Hopefully you are not now running into any memory problems that tend to hamper installers if any faults developed. Another thing to try is going to the support if any for that game for information on removal. They may have a set of steps to take in order to see it off completely where you can try a fresh install.http://www.gamesforwindows.com/en-US/Support/Pages/default.aspx


----------



## Cromewell (Nov 13, 2008)

> well like I said, I already tried what you suggested so...no change


Well you said you had install and uninstall options now right? Well which one are you picking and what does it do/say when you pick it?


----------



## bubbagumper6 (Nov 13, 2008)

it doesn't matter which one i pick.  

If I pick uninstall it trys to uninstall and fails.

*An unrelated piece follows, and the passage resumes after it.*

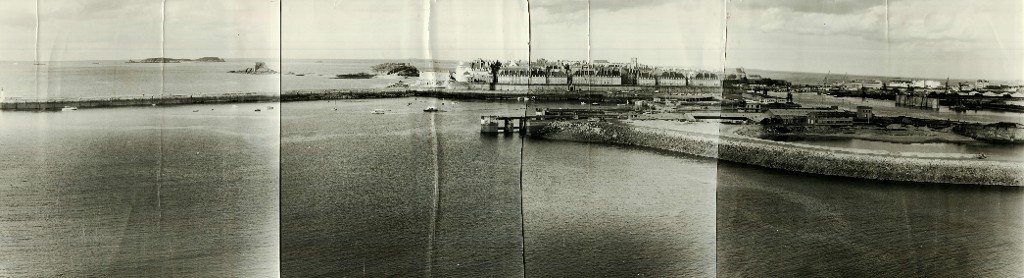 Vue panoramique du terre-plein du Naye depuis les Bas Sablons, vers 1966-1967 (Archives municipales de Saint-Malo). Le nouveau polder est en cours de remplissage par du sable de mer. A l'extrême droite, le fort du NayeImmatriculation

If I pick install, it just goes right to the uninstall and fails.


----------



## PC eye (Nov 13, 2008)

That's the trouble with some of these must log in online installers. After a clean install of Windows lately the Orange Box edition of Half Life 2, EP1, EP2 is supposed to see the "reonstall" option once you proceed to the next screen after entering the product key. no go! I only get the duplicate cd error instead while the account is still immediately logged onto.

The sad part there is you may have see a totaly drive wipe just to get it on and working again with all traces removed the hard way! I don't think you want that. Submitting a support request to the manufacturer would be one thought at this point instead of constantly getting nowhere with it.


----------



## bubbagumper6 (Nov 13, 2008)

well it's not an online install game...i think has more to do with some hidden registry value or something somewhere that I can't find


----------



## Cromewell (Nov 13, 2008)

With no error messages at all?

Try running this: http://support.microsoft.com/kb/290301


----------



## bubbagumper6 (Nov 13, 2008)

i told you what the error message was...

by "fails" i mean it throws up that error


----------



## PC eye (Nov 13, 2008)

Do you still setup an account that logs in online while the game files are still on the drive? I was referring to multiplayer there since a look at one of the Gears of War for Windows pages sees that in the description. http://www.gamesforwindows.com/en-US/Games/Pages/GearsofWarforWindows.aspx

Hidden in another registry hive as well as what I was referring to earlier about looking under your admin user name in the App Data and other sub folders for anything found in those like installation logs. With the newer games seen in the last few years the installer will tuck the particular product information out of view making things awkward when seeing a glitch either when reinstalling or as you are running into the first time installation doesn't finish leaving traces behind. I would try the Windows cleaner utility Cromewell is pointing out. Why not?


----------



## bubbagumper6 (Nov 14, 2008)

tried that program but gears wasn't listed.  There was a listing that said something about Games for Windows so I took that one out but it still doesn't work.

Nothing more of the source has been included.